Este ingeniero de inagotable fe espera poder editar el código genético de su hijo. Incluso estima que en unos 10 años podría lograrse un tratamiento génico de la trombastenia en cuestión, aprobado por las autoridades sanitarias estadounidenses y de todo el mundo. Con ello, quizá para ese tiempo cada mujer que sufre Glanzmann pueda evitar el riesgo de muerte una vez por mes, al transitar su período menstrual.
Mejor todavía.

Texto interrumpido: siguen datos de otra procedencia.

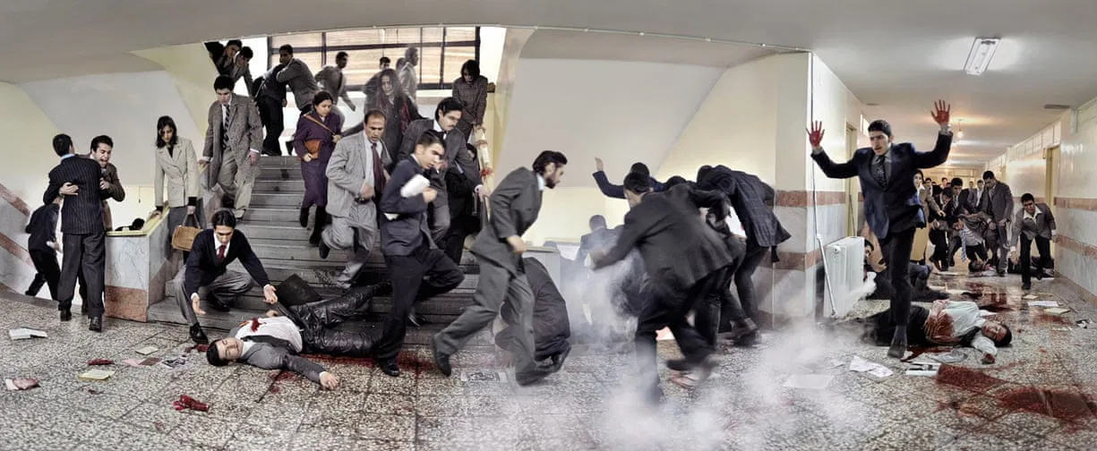 This panoramic tableau depicts the murder of Azar Shariat Razavi, Ahmad Ghandchi, and Mostafa Bozorgnia, three students murdered by police during student demonstrations against the visit of Richard Nixon in 1953. Akhlaghi freeze-frames staff and students as they run panic-stricken, down steps while bloodstained bodies lie in corridors surrounded by distraught friends. Iran still remembers the tragedy every year, on Student Day.
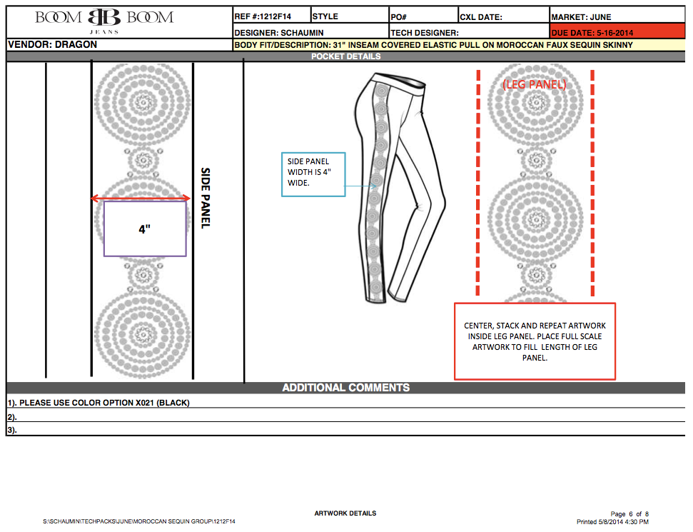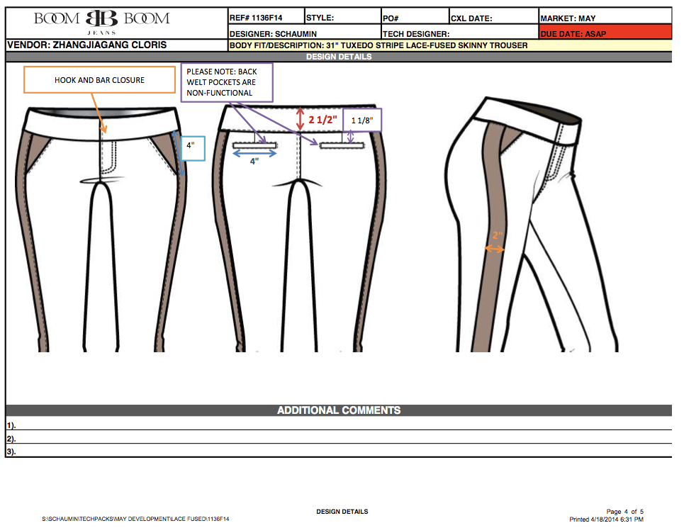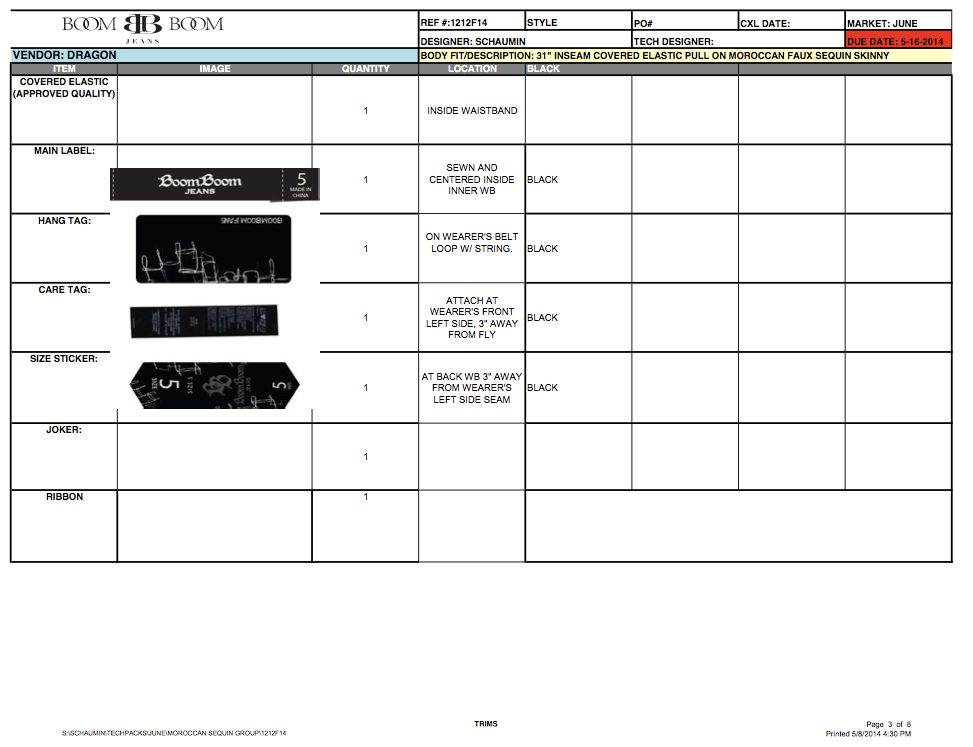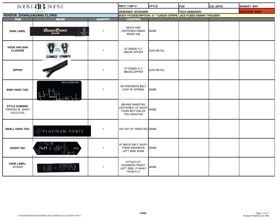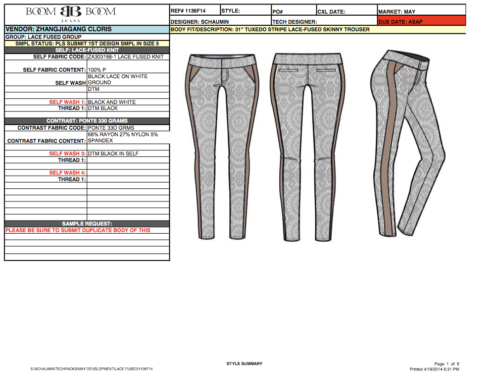 Technical Packages consisting of garment construction and trim specifications for accurate production.

Daniel Uribe se ilusiona con la idea de que, en una década, el negocio de los datos encuentre un límite ético y no quede en las manos de las gigantes tecnológicas y farmacéuticas, que patentan y acaparan con un combustible cuya condición saliente es que, a la fecha, es inagotable: los datos de las personas –incluyendo esos que surgen de su identidad biológica, el ADN.
Si logra su objetivo, la medicina de más alto nivel se daría la mano con la tecnología más avanzada de hoy, sin que esto vaya en desmedro del capitalismo y los incentivos para desarrollar ciencia aplicada.
Entonces, podremos confirmar que los ojos templados de Daniel Uribe, en otoño de 2022, no eran ingenuos, sino que en ellos anidaba una esperanza justa.
*Docente del posgrado en Inteligencia Artificial y Derecho de la Facultad de Derecho UBA.